Исторический путь Запада – стремление пап к светской власти, организация и деятельность духовных орденов, крестовые походы и другие «деяния» католической церкви – есть итог подмены христианского единства внешней материальной силой. Усиление односторонней рассудочности в просвещении привело к полному безбожию, а Гегель, развив до крайности логический рационализм, подготовил материализм – свидетельство окончательного падения западной культуры, крах которой выразился в революциях конца XVIII – первой половины XIX в.
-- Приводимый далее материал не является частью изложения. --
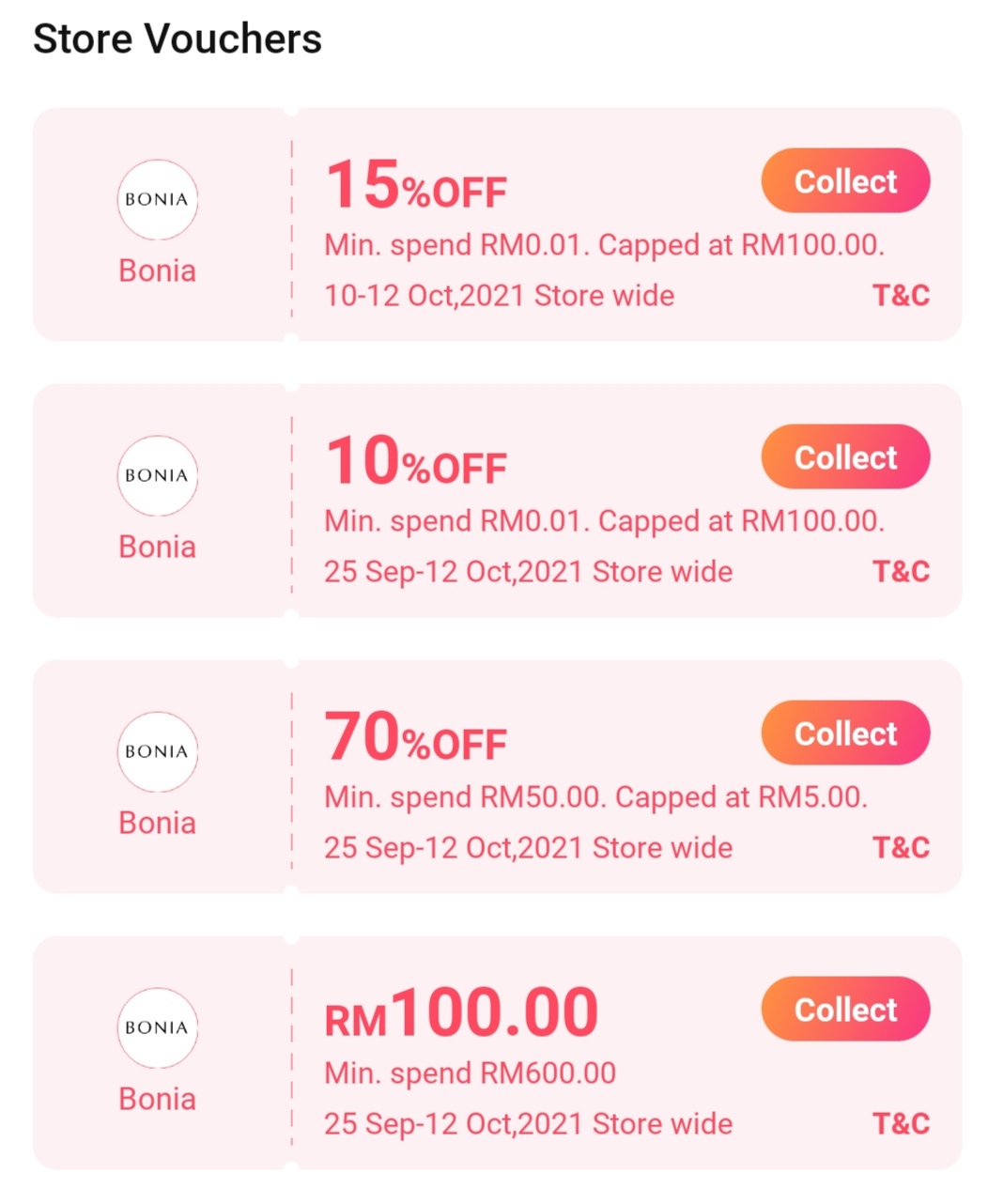 • 消费RM0.01,折扣15%,高达RM100 折扣(即日起至10月12日)
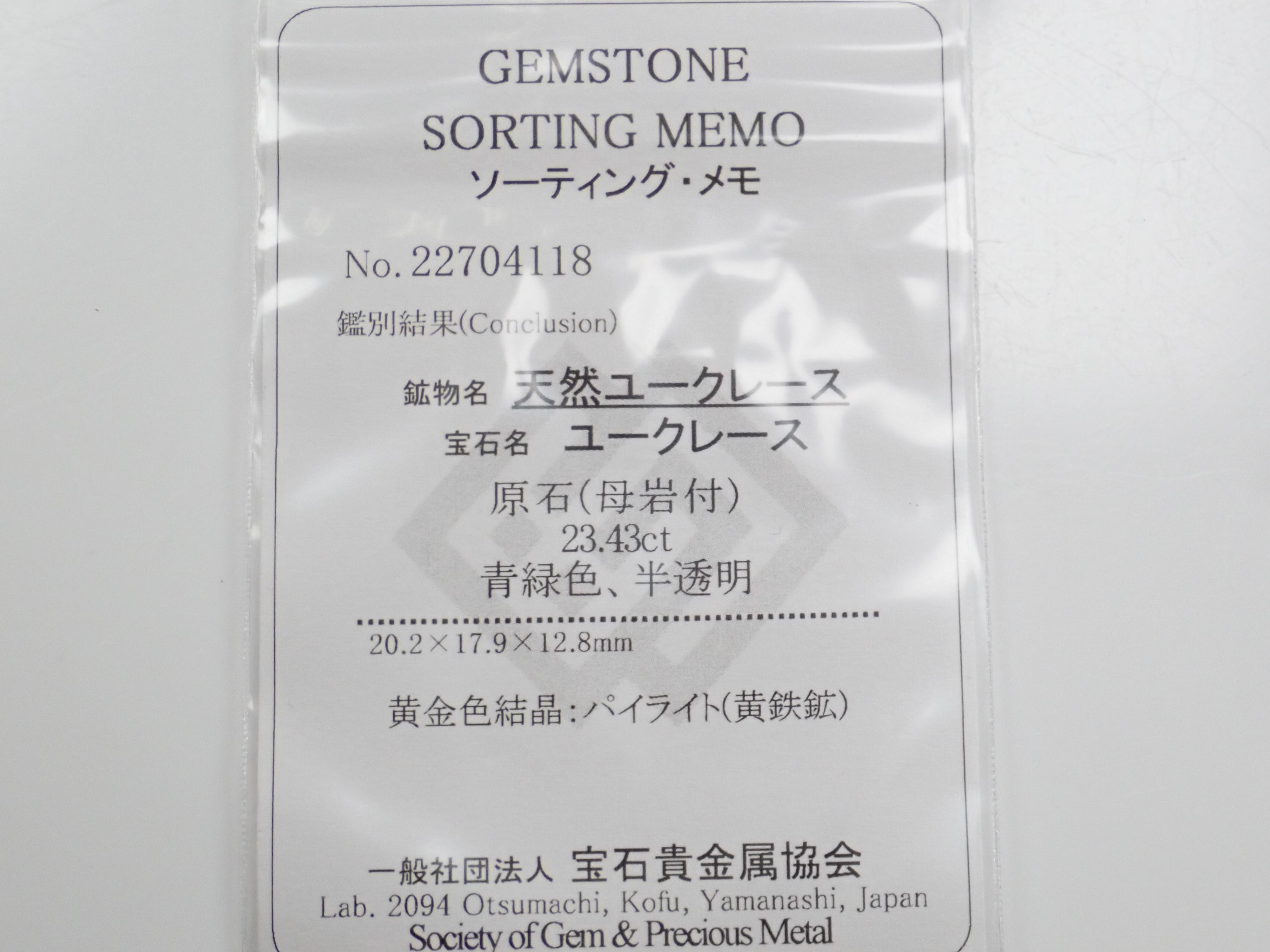 綠柱石(Euclase)的名字來自希臘語“eu”(意為“好”)和“klasis”(意為“破碎”)。顧名思義,它擁有完美的解理。由於產地稀少,這種寶石很少被製成寶石。它有多種顏色,包括白色、無色、淺綠色、淺藍色和深藍色。這顆產自哥倫比亞的綠柱石含黃鐵礦。它由日本寶石和貴金屬協會進行分類。

Россия, предельно у Хомякова идеализированная, наоборот, являет собой образец слияния православной церкви с духом народа
; в русской истории, по Хомякову, за православием числятся только благие дела. Правда, здесь Хомяков столкнулся с антиномией: с одной стороны, в России самая передовая движущая сила – истинное православие, но с другой – исторический факт отставания русской культуры от западной. Это привело философа к оговоркам и противоречиям с собственными же рассуждениями: 1) необходимо пришлось признать, что цельность и девственность народного духа на Руси уже к моменту принятия христианства подверглась влиянию племён кушитского склада (а это есть признание объективно существующего взаимовлияния культур!); 2) из-за низкого культурного развития народа (почему?) он не понял истинной сущности православия, которое было воспринято более чувственно, нежели аналитически, умом; более – как обрядность, чем как богопознание (но ведь иранство лишено логически-рационалистического начала в сознании?); 3) пришлось констатировать разрыв между государственной властью и народом, жившим общинно. Однако, утверждал Хомяков, с воцарением Романовых на Руси установилось единство, восторжествовали «истинные начала» русской жизни.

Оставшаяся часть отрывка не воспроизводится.